Hanpen: simmered or boiled fish cake
Found as frozen at Hillers, a product of Japan
This was hard to find. I was looking for a ball shaped dumpling. Even so, the first store we went to did not have it.
Ingredients: Pollack, water, egg white, potato starch, sugar, salt, rice wine, and some chemical stabilizers
This is a soft and fluffy snow white cake of puréed fish mixed with grated mountain yam (in this case: potato starch) and whipped to add air bubbles. The mixture is placed in a shallow square mold and simmered. From my book: “Biting into hanpen is like biting into a soft merigue.
It can be eaten in soups, broiled or simmered in stock.
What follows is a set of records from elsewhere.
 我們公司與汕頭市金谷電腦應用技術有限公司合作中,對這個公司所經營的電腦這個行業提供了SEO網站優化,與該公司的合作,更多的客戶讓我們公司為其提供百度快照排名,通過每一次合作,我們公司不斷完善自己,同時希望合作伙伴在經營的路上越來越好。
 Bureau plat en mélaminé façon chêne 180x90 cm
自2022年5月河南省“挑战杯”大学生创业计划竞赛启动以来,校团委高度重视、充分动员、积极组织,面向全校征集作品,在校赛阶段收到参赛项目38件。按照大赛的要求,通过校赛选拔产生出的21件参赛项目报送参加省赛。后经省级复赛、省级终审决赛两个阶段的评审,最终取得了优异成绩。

The package notes that it is ready to add to your salad.
Satsuma-age: fried fish cakes, the size of ping-pong balls, or “Kushi Tenpura Fried Fish Balls”
Ingredients: Pollack, water, modified food starch, sugar, salt, sorbital, soy bean oil, sweet rice wine, dextrose, natural and artificial flavorings (inclucding bonito and MSG and other things)
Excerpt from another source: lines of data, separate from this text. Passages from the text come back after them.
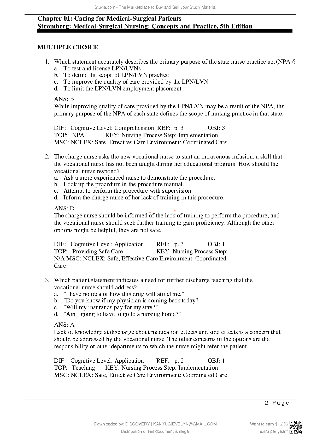 Master your medical-surgical nursing course and excel on your exams with this comprehensive Test Bank for the 5th Edition of 'Medical-Surgical Nursing: Concepts and Practice'. Authored by Stromberg and Herdman, this essential study tool provides hundreds of practice questions and detailed rationales covering every chapter. It's designed to help you deeply understand key concepts, identify areas for improvement, and build confidence for your exams. Ace your course and pass on the first try with this indispensable resource.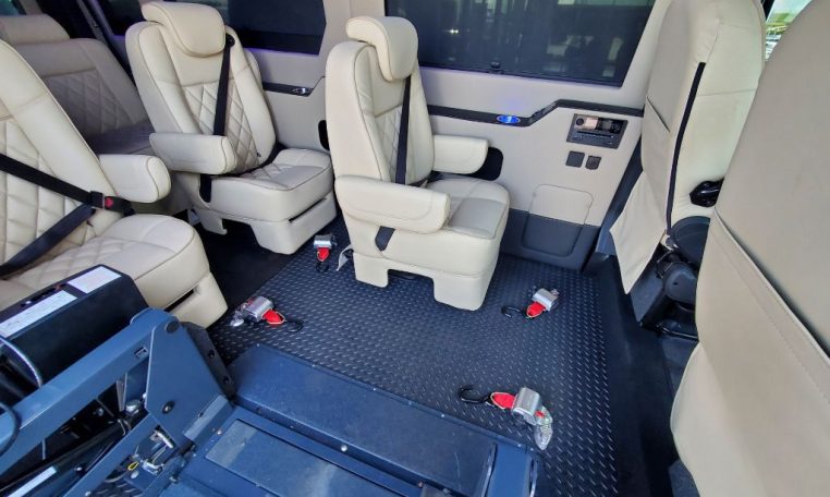 — Ricon Slide-Away Power Wheelchair Lift – Hand-Held Remote Control – Quick-Release Multi-Point Wheelchair Tie Downs – Heavy Duty Rubber Flooring – AND MORE!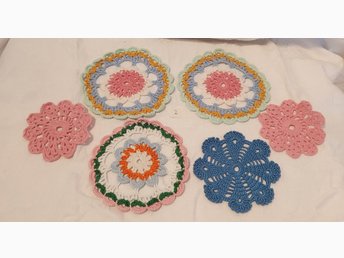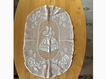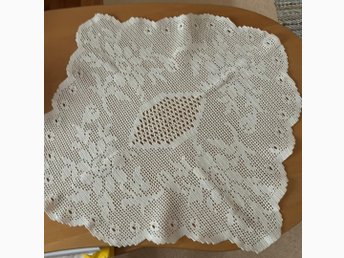 Fin VIRKAD duk. Virkad med tunnare halvblekt bomullsgarn. 53 x 55 cm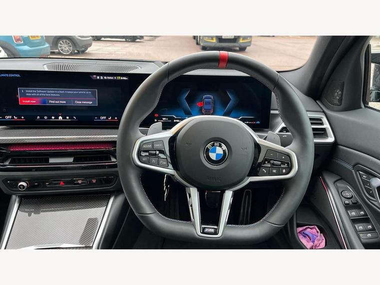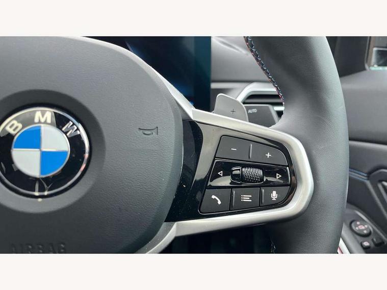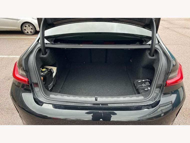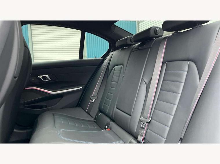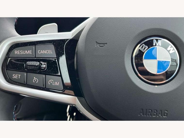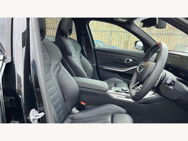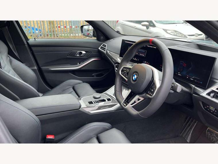 Active guard plus, Attentiveness assist, Automatic Start/stop button, Bluetooth Wi-Fi interface, BMW iDrive, BMW Teleservices, ConnectedDrive Services - last state call, Oil sensor for level and grade, Personal e-SIM, Shifting point display, Variable sport steering, 48V Mild hybrid technology, Double joint spring strut front axle, Fuel tank breather system, M Sport differential, Steptronic Sport automatic transmission with steering wheel mounted gearshift paddles launch control and xtreme drive lever control, DAB tuner, 3rd brake light, Auto dimming rear view mirror, Automatic headlight beam throw control with load dependent regulating reaction, dynamic compensation of braking dive and acceleration squat, Bi-LED Low and high beam headlights, BMW emblem, engine compartment lid and tailgate, Body colour roof fin, Door sill strips, Electric windows - front and rear, with open/close fingertip control, anti-trap facility and comfort closing, Fading support, Folding wing mirror with auto dimming, Follow me home headlight function, Front and rear bumper system with replaceable deformation elements, Front apron plastic in body colour, Fuel filler flap - right rear in body colour, Heat protection glazing on front windows and windscreen, Heated washer jets, LED daytime running lights, LED rear lights, LED turn indicator, Licence plate panel integrated into front bumper and tailgate, M high gloss shadow line exterior trim, Matt black B-pillar finsher, Matt black window recess cover, Model designation on right side of tailgate, One piece front bumper cover including towing eye cover in body colour, Rain sensor with automatic headlight activation, Rear boot, Rear side wing doors, Reversing lights, Side frame decorative moulding black matt, Sun and heat protection glass dark tinted on rear windows and windscreen, Trailer stabilisation logic, Welcome lights in interior and door handle area, 12V power socket in front storage compartment, 2 front cupholder in centre console with clamping elements and matt black inlay, 3 seat bench in 2nd row, 3 spoke M Sport multifunction flat bottom leather steering wheel, 3 zone automatic air conditioning, 40:20:40 split folding rear seat with loading system, Ambient inside door handle light, Ambient light design projected onto the left and right entering and exiting area, Ambient lighting front and rear with 9 selectable colours, Ambient storage compartment lighting in the centre console, Anthracite headlining, Armrest integrated in front and rear door trim + front centre console armrest, BMW ID, Contour lighting in instrument panel and door trim panel, Cruise control operation in steering wheel, Driving experience mode switch, Dynamic ambient lighting for welcome, goodbye, open doors, phone call, Electric memory seats, Folding rear centre armrest with 2 cupholders, Front ambient footwell lighting, Front and rear headrests, Front and rear velour floor mats, Front reading light, Heated front seats, Height adjustable mechanically and infinitely variable steering column, Illuminated armrest storage compartment, Illuminated glove compartment, Illuminated luggage compartment, Lashing eyelets in luggage compartment, Single front passenger seat, Sunvisors with illuminated vanity mirrors and ticket pocket, Toolkit located in luggage compartment, Connected pack professional - 3 Series Saloon/Touring, Interior and exterior mirror pack - 3 Series Touring/Saloon, M sport exterior styling pack - 3 Series Saloon/Touring, 3x3 point rear seatbelts, BMW emergency call, Child locks on rear doors, Crash sensor activating of airbags, Unlocking doors, hazard warning lights, interior light, safety battery terminal, Drive-off assistant, Driver and front passenger with seat occupancy detection for driver's and passenger side, Driver and passenger side airbags, body protection at side and airbags deploy from seat backrests, Dry braking, Dynamic brake control, Dynamic stability control + (DSC+) - Anti-lock Braking System (ABS) with brake assist and cornering brake control + Automatic Stability Control (ASC), Dynamic Traction Control - DTC, Electric parking brake including automatic hold function and automatic release of the parking brake when driving off, Electronic differential lock control (EDLC), Front airbag deactivation, Front airbags for driver and front passenger, Head airbags in 1st and 2nd row, head protection at side, curtain airbags open from headliner above 1st and 2nd row, Plastic fuel tank, Side impact protection, Tyre pressure sensors, Ventilated front and rear disc brakes, Warning triangle and first aid kit, Alarm system, Centre lock switch, Closing system with central locking, Electronic vehicle immobiliser, Locking wheel bolts, Tyre repair kit,

The package says, “Ready to Eat!” but one should dip in boiling water to remove the excess oil from frying first. They are probably better warmed up. Maybe some mustard and shoyu as condiments.
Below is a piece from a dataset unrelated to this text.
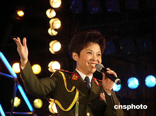 “中國金柚之鄉(xiāng)”廣東省梅州市梅縣22日晚在梅縣人民廣場舉行盛大焰火煙花文藝晚會,慶祝第三屆金柚節(jié)隆重開幕,吸引了近萬名海外僑胞和市民參加。圖為中國著名歌手董文華為僑鄉(xiāng)父老帶來了經(jīng)典的《春天的故事》。作者:卜瑜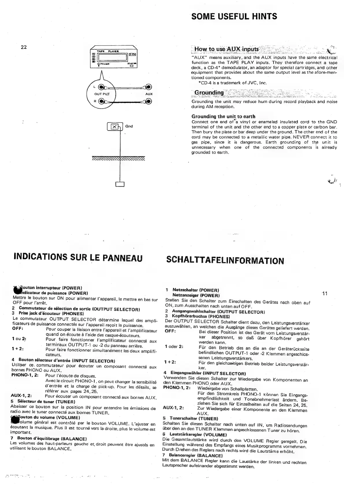 Sansui CA-2000 - Useful Hints; AUX Input Usage; Unit Grounding

Iwashi Tsumire (Fried Fish Cake??—these do not look fried, so perhaps I was supposed to fry them???)
Ingredients: sardine, codfish starch(?!?), leek, carrot, sugar, soybean paste, MSG, potato starch.
Not sure if these are “ready to eat” or not. Note: there is a recipe in my study book to make these!!!
Snacks, ’cause you’re hungry when you shop:
cookies made in Taiwan:
strange, sort of like fig newtons, but not. odd mouth feel. but cheap and we were hungry!